The national problem was this: John’s wife, Annie, was at home with some of the wives of the rest of us watching the countdown on television. The only member of the press inside the house was a writer from Life named Loudon Wainwright [father of singer-songwriter Loudon Wainwright III – Doug], but outside, in the yard, was the nuthouse scene we described last time, all the TV crews and the reporters, baying for their scraps of information about how Annie Glenn was bearing up. At this point into the picture comes the Big Dipper, namely, Lyndon Johnson, who was vice president, of course … (and) he wants the Life reporter to get out of the house, because his presence will antagonize the rest of the non-TV reporters who can’t get in, and they will not think kindly of the Vice President … So the situation finally boils down to this: Johnson is waiting out of sight a few blocks away in a limousine, waiting for his cue. Johnson’s emissaries are saying that Life, in the person of Loudon Wainwright, must depart from the house so that the Vice President of the United States and his TV friends can come in … Wainwright is no fool and doesn’t particularly care to get caught in the middle like this, and so he offers to bow out, to leave. Annie shows her strength and tells him, “You’re not leaving this house” … NASA is freaking out, so finally the problem is bucked up all the way up to John Glenn himself … He says, “Look, if you don’t want the Vice President or the TV networks or anybody else coming inside the house, then that’s it, as far as I’m concerned, and I will back you up all the way.”

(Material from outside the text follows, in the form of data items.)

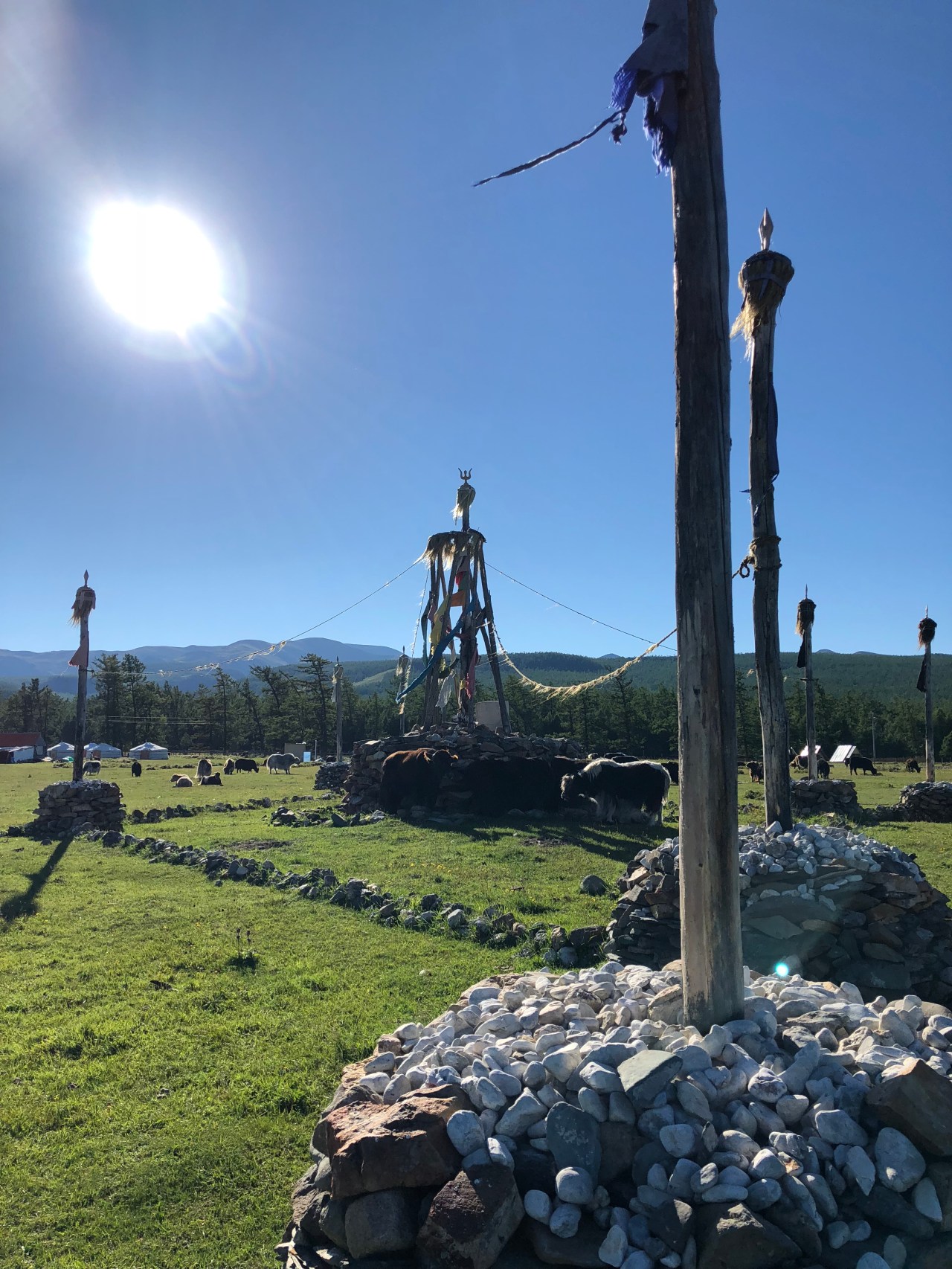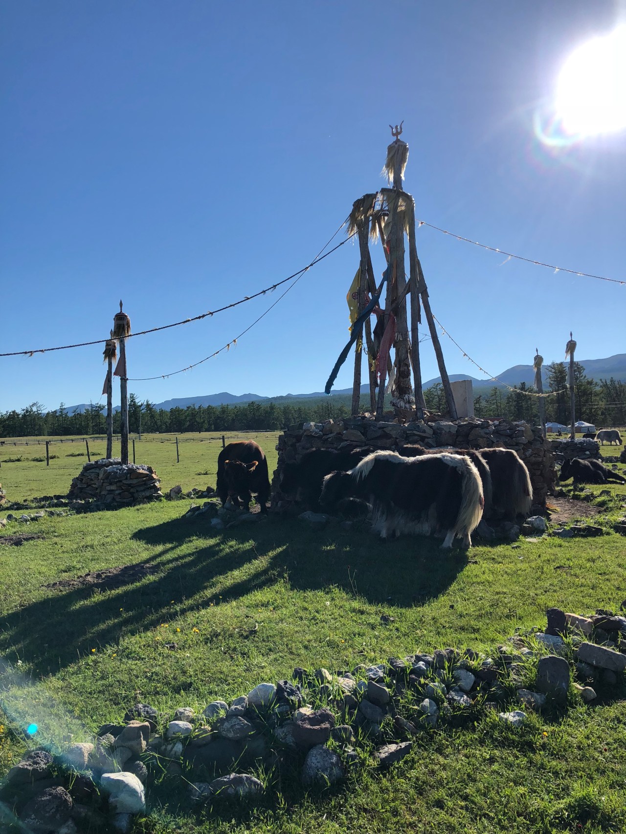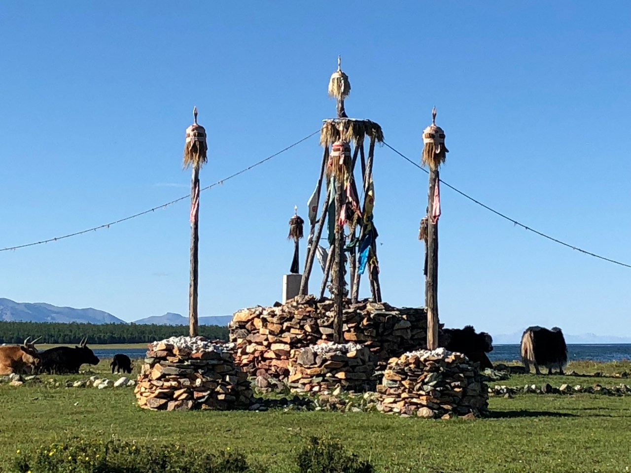 Puis je suis partie à la découverte d’un site chamanique – lieu incroyable planté près du bord du lac. Ce site était composé de petits monticules et d’un grand au centre. Des tiges étaient plantées dans les monticules et étaient faites de bois immenses, enturbannés de rubans multicolores et surmontés d’une sorte de « casque gaulois » de tissus pendants et d’une sorte de flèche en pointe au-dessus. On aurait dit des crins de queues de chevaux ou de yak qui pendaient de chaque casque. Celui du milieu avait les tiges qui se croisaient. Elles étaient au nombre de quatre autour de la tige centrale et identiquement revêtues du casque de crin. Elles étaient reliées entre elles par des fils et au sol des rectangles étaient dessinés autour des monticules pour rendre le site encore plus miraculeux ! Seules les vaches, les yaks se moquaient bien du lieu et des croyances qui lui étaient attribuées. Ils broutaient tranquillement l’herbe bien verte et se couchaient entre les monticules. Sorte de prières animales ! Rien ne les arrêtait et ils faisaient partie du décor, ornant et accompagnant de leurs corpulences et de leurs excréments le lieu sacré. Je dois dire que cela était assez rigolo à voir et enlevait tout sens religieux à cet endroit. Insolite et mystique en même temps.
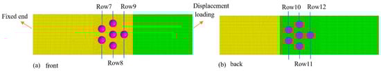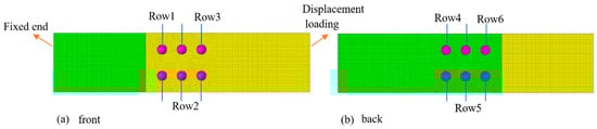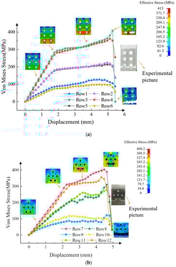 Stress analyses were performed for the single-lap joints labeled 6-3-231-8-10-10 and 6-3-222-10-16-10. The positions of rows 1 through 12 were defined, and their finite element models are shown in Figure 8 and Figure 9. Figure 8a shows the front view of the “222” arrangement, with rows 1 through 3 defining the three rows of rivets in the upper plate. Figure 8b shows the back view of the “222” arrangement, with rows 4 through 6 defining the three rows of rivets in the lower plate. Figure 9 is constructed similarly to Figure 8. The displacement–stress curves of the units around rows 1 through 12 are shown in Figure 10, where (a) shows the displacement–stress curve for each rivet in the “222” arrangement and (b) shows the displacement–stress curve for each rivet in the “231” arrangement. In this simulation process, the failure determination criteria were obtained by the fitting method based on the previous single-riveting LS-OPT in Chapter 2.2.1. The stress values were usually taken as the average stress of the element between the row 1 rivet and row 2 rivet, where the von Mises model was used to describe the stress. The simulated fracture location is consistent with the location from the test results. Figure 10a shows that the stress in row 3 was greater than the stresses in rows 1 and 2, and the stress in row 4 was greater than the stresses in rows 5 and 6. For the front and back of the specimen, the stress in the outer row (either the row closer to the load end or the fixed end) was always greater than the stress in the inner row. The stress increased with the proximity to the outer row. The stress in row 3 was greater than the stress in row 4, causing a fracture to occur at the load end. Figure 10b shows that the stress in row 7 was greater than the stresses in rows 8 and 9, and the stress in row 12 was greater than the stresses in rows 10 and 11. The stress in the outer row was always greater than the stress in the inner row. The stress in row 7 was greater than the stress in row 12, thus causing a fracture to occur at the fixed end. The simulation results show that when there was an equal number of rivets in each row, the stresses in the outer rows of both the upper and lower plates were always greater than the stresses in the inner rows. Since the load was first transferred to the rivets at the load end, resulting in greater stress at the load end than at the fixed end, fractures occurred at the outside of the load end. When there were different numbers of rivets in each row, the outer row—which had more rivets—fractured first because the stress there was greater than at other locations. The cloud diagram shows that, as the load increased, the stress in the outer row increased first and yielded. The stress concentration area then expanded to form an “M”-type stress concentration area around the rivet, and the stress was greatest between the two rivets. When the principal strain reached the failure strain, a fracture occurred, first between the two rivets, then extended outward until the entire fracture had been completed.
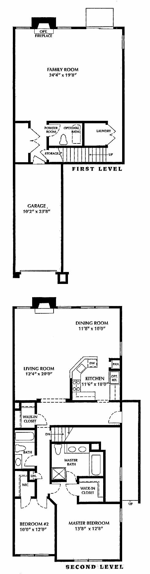 The first level features a large family room with optional fireplace and optional bath. Upstairs you'll find the large living and dining room, kitchen with pantry, 2nd bedroom with bath and the master bedroom and bath with dual vanities.
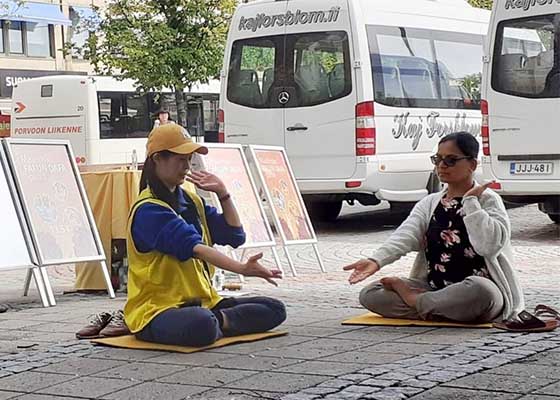 芬兰法轮功学员6月18日在波尔沃市举办活动,向市民弘扬法轮大法的美好,揭露中共对法轮学员残酷迫害,甚至活摘法轮功学员器官的罪行。
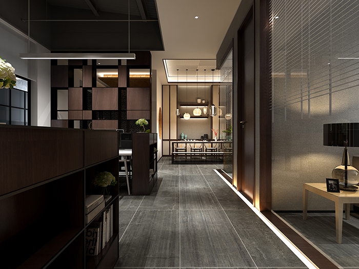 簡約別致的家具與現代仿古磚極為相配,不規則的紋理質感營造出寧靜致遠的空間效果。

– “Post Orbital Remorse, Part Two: How the Astronauts Fell from Cowboy Heaven,” by Tom Wolfe, Rolling Stone, January 18, 1973, pg. 26.
I read that article when I was a senior in high school. It describes a scene that’s an audience favorite in The Right Stuff, the movie adaptation of the book that Tom Wolfe wrote based on his four-part series in Rolling Stone about the Mercury space program. I was in the first grade, 50 years ago, when John Glenn flew around the world three times. My son was in the first grade when John Glenn went into space a second time. Glenn wasn’t the first man in space, and he wasn’t the first American in space, but his flight is memorable to me, because it’s the first one that I remember from when it was happening, probably because the school played a radio report of the event over the classroom speakers.
This is a NASA video about John Glenn’s flight in the Freedom 7. Glenn is now 90 years old, which means he’s a year younger than Stephen Colbert’s mother and, no, that’s not Glenn in the preview frame.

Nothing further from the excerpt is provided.